Technologies for startup

1. Technologies for startup
nguyphadzu
Hanoi - June 2021

2. Agenda
1. Startup overview
2. Product life cycle
3. Technologies for startup

3. What is startup
A startup is a human institution designed to create a new product or
service under conditions of extreme uncertainty.
— ERIC RIES, THE LEAN STARTUP [RIES 2011A, 27]
A startup is a company designed to grow fast. Being newly founded
does not in itself make a company a startup. Nor is it necessary for a
startup to work on technology, or take venture funding, or have some
sort of “exit.” The only essential thing is growth. Everything else we
associate with start- ups follows from growth.
— PAUL GRAHAM, CO-FOUNDER OF Y COMBINATOR
A tech startup is an organization with the following characteristics:
1. Product: technology.
2. Environment: extremely uncertain.
3. Goal: massive growth.
4. Mode of operation: search.

4. Startup development Stages

5. Work at a startup
Why you should?
- More opportunities
- More ownership
- More fun
Why you should not?
- Not glamorous: a startup is 99.9%
hard, unglamorous work
- Sacrifice
- Probably won’t get rich: 75% fail
- Joining vs Founding: 10x
Life can be much broader once you discover one simple fact: Everything around you that you
call life was made up by people that were no smarter than you and you can change it, you can
influence it, you can build your own things that other people can use.
Once you learn that, you’ll never be the same again.
— STEVE JOBS

6. Product evolution

7. Product life cycle with user centered design
(*) (Book)User Centered System Design: New
Perspectives on Human-computer Interaction

8. Product led growth model

9. Data driven development

10. Tech stack
Golden rule
A good tech stack is one that scales faster than the people required to maintain it.

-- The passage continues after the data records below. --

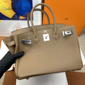 Hermes Birkin 30 Togo Etoupe Bag Silver Hardware For Women Womens Handbags 11.8In30cm
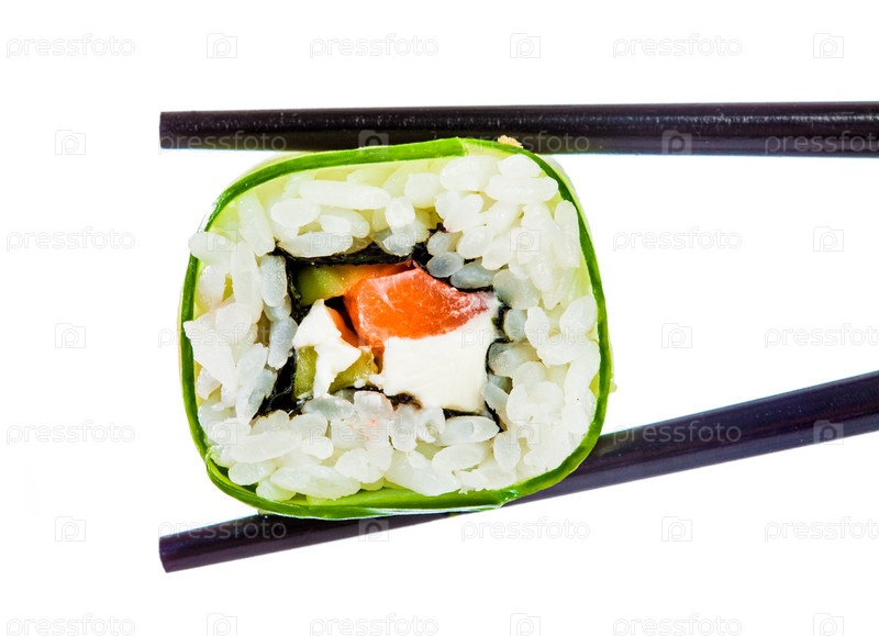 Суши ролл на белом фоне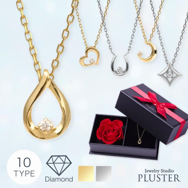 ダイヤモンド ネックレス レディース 一粒 ゴールド ハート 馬蹄 月 ドロップ しずく ひし形 金属アレルギー対応 シルバー プラチナ 仕上げ ダイヤネックレス シンプル ペンダント かわいい 大人 ジュエリー プリザーブドフラワー クリスマス プレゼント 女性 誕生日 ギフト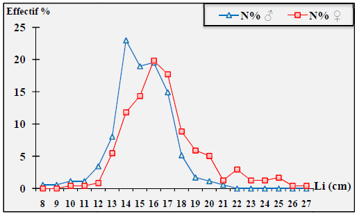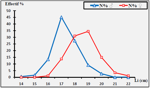 Chez C. linguatula, il est à noter l’existence de trois modes successifs chez les femelles à 16cm, 22 cm puis à 25 cm, alors que chez les mâles on note la présence de deux modes le premier à 14 cm et le deuxième à 16 cm.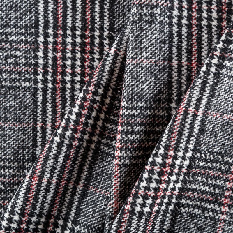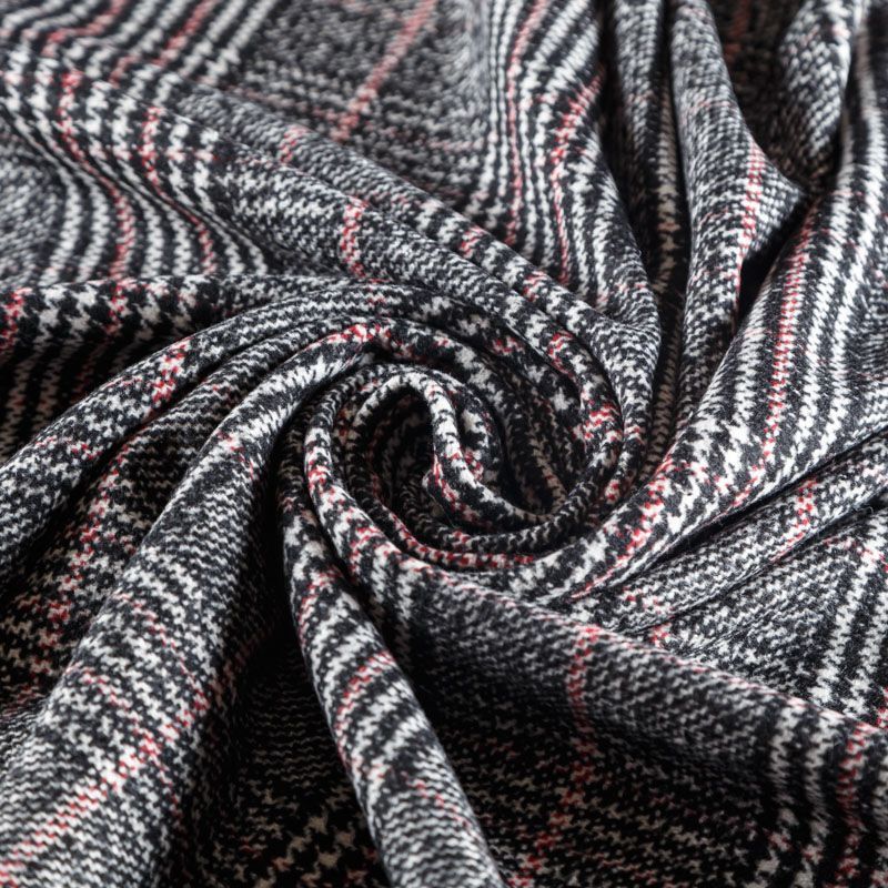 Фактурная твидовая ткань с добавлением хлопка. Сочетание линий белого, черного и розового цвета образуют красивую клетку тартан. Ткань мягкая, пластичная, приятная на ощупь. Хорошо драпируется и образует формоустойчивые складки. Твид отлично подходит для пошива костюмов, пальто, пиджаков, брюк и курток, юбок, жилетов, головных уборов в классическом стиле.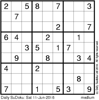 The Daily SuDoku: Sat 11-Jun-2016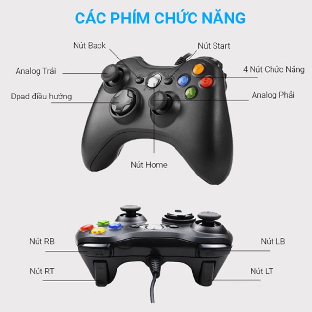 + Tay cầm Xbox là hiện là tiêu chuẩn vàng cho tất cả các tựa game . Không giống như tay cầm thường tay cầm Xbox 360 được Mircosoft phát triển sẽ là chuẩn tay cầm mới trên PC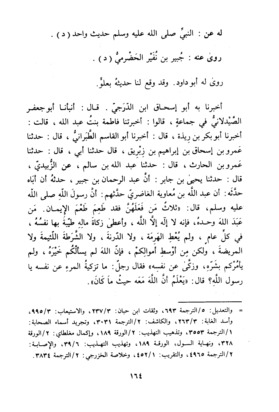 أَخْبَرَنَا بِهِ أَبُو إِسْحَاقَ ابْنُ الدَّرَجِيِّ. قال: أَنْبَأَنَا أَبُو جَعْفَرٍ الصَّيْدَلانِيُّ فِي جَمَاعَةٍ، قَالُوا: أَخْبَرَتْنا فَاطِمَةُ بِنْتُ عَبد اللَّهِ، قَالَتْ: أخبرنا أَبُو بَكْرِ بْنُ رِيذَةَ، قال: أخبرنا أَبُو الْقَاسِمِ الطَّبَرَانِيُّ، قال: حَدَّثَنَا عَمْرو بْنُ إِسْحَاقَ بْنِ إِبْرَاهِيمَ بْنِ زِبْرِيقٍ، قال حَدَّثَنَا أَبِي، قال: حَدَّثَنَا عَمْرو بْنُ الْحَارِثِ، قال: حَدَّثَنَا عَبد اللَّهِ بْنُ سَالِمٍ، عَنِ الزُّبَيْدِيِّ، قال: حَدَّثَنَا يَحْيَى بْنُ جَابِرٍ: أَنَّ عَبْدَ الرَّحْمَنِ بْنَ جُبَيْرٍ، حَدَّثَهُ أَنَّ أَبَاهُ حَدَّثَهُ: أَنَّ عَبد اللَّهِ بْنَ مُعَاوِيَةَ الْغَاضِرِيَّ حَدَّثَهُمْ: أَنَّ رَسُولَ اللَّهِ صلى الله عليه وسلم، قال: ثَلاثٌ مَنْ فَعَلَهُنَّ فَقَدْ طَعِمَ طَعْمَ الإِيمَانَ. مَنْ عَبد اللَّهَ وحْدَهُ، فَإِنَّهُ لا إِلَهَ إِلا اللَّهَ، وأَعْطَى زَكَاةَ مَالِهِ طَيِّبَةً بِهَا نَفْسُهُ، فِي كُلِّ عَامٍ، ولَمْ يُعْطِ الْهَرِمَةَ، ولا الدَّرِنَةَ، ولا الشرطة اللَّئِيمَةَ ولا الْمَرِيضَةَ، ولَكِنْ مِنْ أَوْسَطِ أَمْوَالِكُمْ، فَإِنَّ اللَّهَ لَمْ يَسْأَلْكُمْ خَيْرَهُ، ولَمْ يَأْمُرْكُمْ بِشَرِّهِ، وزَكَّى عَنْ نَفْسِهِ"فَقَالَ رَجُلٌ: مَا تَزْكِيَةُ الْمَرْءِ عَنْ نَفْسِهِ يَا رَسُولَ اللَّهِ؟ قال: يَعْلَمُ أَنَّ اللَّهَ مَعَهُ حَيْثُ مَا كان.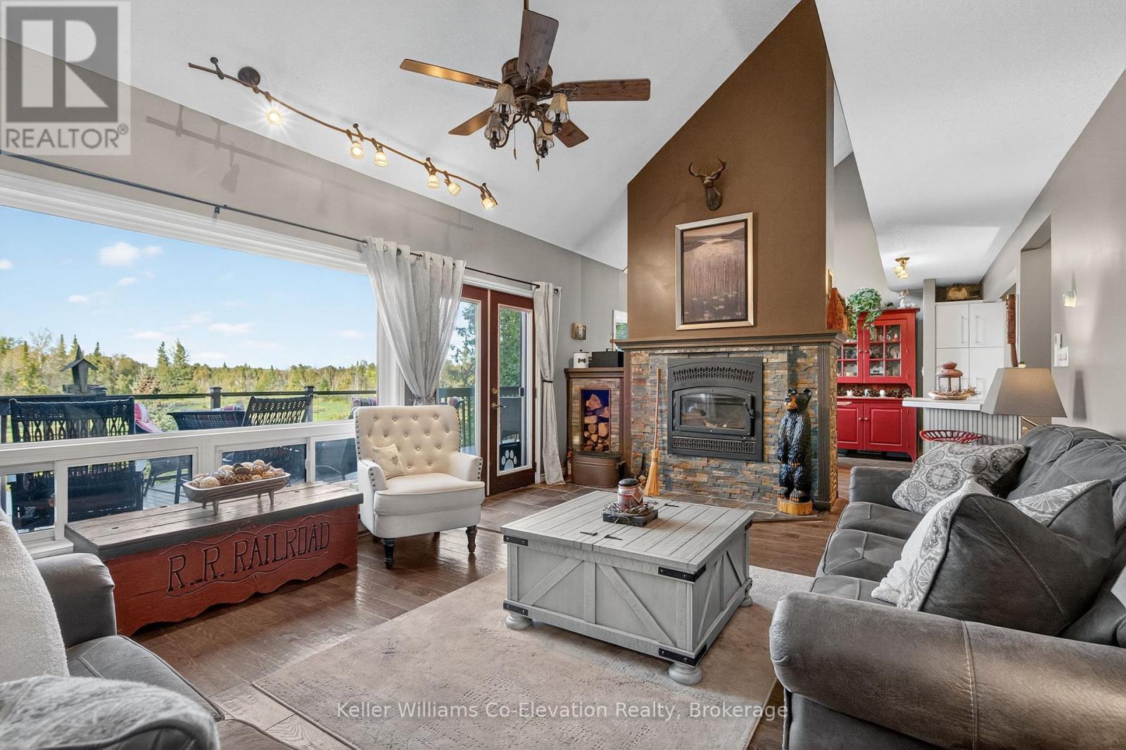 The "Westwind" Retreat is a one of a kind county estate tucked away on almost 16 acres of natural beauty. Completely out of sight from the main road, discover this serene property with it's beautiful 5 bedroom home with in-law suite, cultivated trails throughout the property, multiple outbuildings, 2 large ponds which flow into Little Beaver River, connecting to Lake Eugenia. From the moment you step onto its grounds, you are transported into a realm of enchantment and serenity that captures your imagination. This 5 bedroom chalet style home has a grand open living space, main floor primary bedroom with ensuite bath, 3 bedrooms on the upper level with 3 piece bath and a fully finished lower level with walkout and complete in-law suite featuring a separate kitchen. The home's architecture blends seamlessly with the natural surroundings. Enjoy truly spectacular sunsets off your back deck or back covered patio. Large windows offer panoramic views of the expansive ponds from every corner of the home while multiple outdoor seating areas bring you at one with nature. This property is more than just a place to live, it's a place to unwind, relax and call home. Fish from your own dock, take the kayak for a paddle and fall in love with this spectacular property. With year-round activities such as skiing at Beaver Valley/Devils Glen/Blue Mountain, snowmobiling, and golfing, this property is your gateway to Grey Highlands' all-season recreational paradise. Located just 5 minutes from Flesherton for all your day to day needs with Markdale Hospital close by, 35 minutes to Collingwood and Blue Mountain, and less than 2 hours from Toronto, this home makes for a rare getaway with endless possibilities. Discover the perfect blend of privacy, beauty, and convenience all in one property.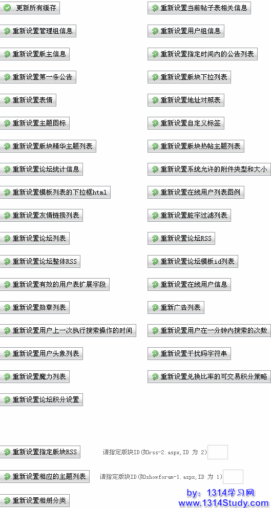 4、重新设置论坛 RSS:用户通过前台的 RSS 可以订阅到论坛的新的帖子,这时候你可以通过更新这块的缓存来更新 RSS 订阅的新的帖子。当然,RSS 是自动更新的,只不过你觉得想立即更新的话,可以利用此缓存更新来达到你的效果。

11. Evolving the tech stack
- Go with what you and your team are familiar
with
- Implement incrementalism for evolvement

12. In-house vs. buy vs. open-source
Build in-house Buy commercial Open-source
- Pros:
- Full control
- Cons:
- Heavy cost: developer time
for maintenance and evolve
the apps
- No community
- Hard to find company to use
knowledge in developers'
career.
- Pros:
- Save developer time (one
company dedicated for a
product)
- Community of customers
- Cons:
- Lose control of your biz
- Depend on your provider →
take more cost
- Vendor lock-in (migrate to a
different tech can be very
difficult).
- Pros:
- Benefits of commercial
products
- Community of developers
- Developers can reuse
knowledge later
- Cons:
- Mostly done on a volunteer
basis → hard to get a specific
bug fixed …
- Don’t entirely control, but be
able to mitigate some of that
risk.

13. Technologies should never be built
1. Security: cryptography, password storage, credit card storage.
2. Web technologies: HTTP servers, server-side and client-side frameworks.
3. Data systems: databases, NoSQL stores, caches, message queues.
4. Software delivery: version control, build systems, deployment automation.
5. CS 101: basic data structures (map, list, set), sorting algorithms.
6. Libraries for common data formats: XML, HTML, CSV, JSON, URLs.
7. Utility libraries: date/time manipulation, string manipulation, logging.
8. Operating systems.
9. Programming languages.

14. Recap of tech solutions
For a startup, using open source is usually the best choice,
closely followed by using a commercial product.
Building infrastructure in-house should be treated as a last
resort that you use only when you have no other options.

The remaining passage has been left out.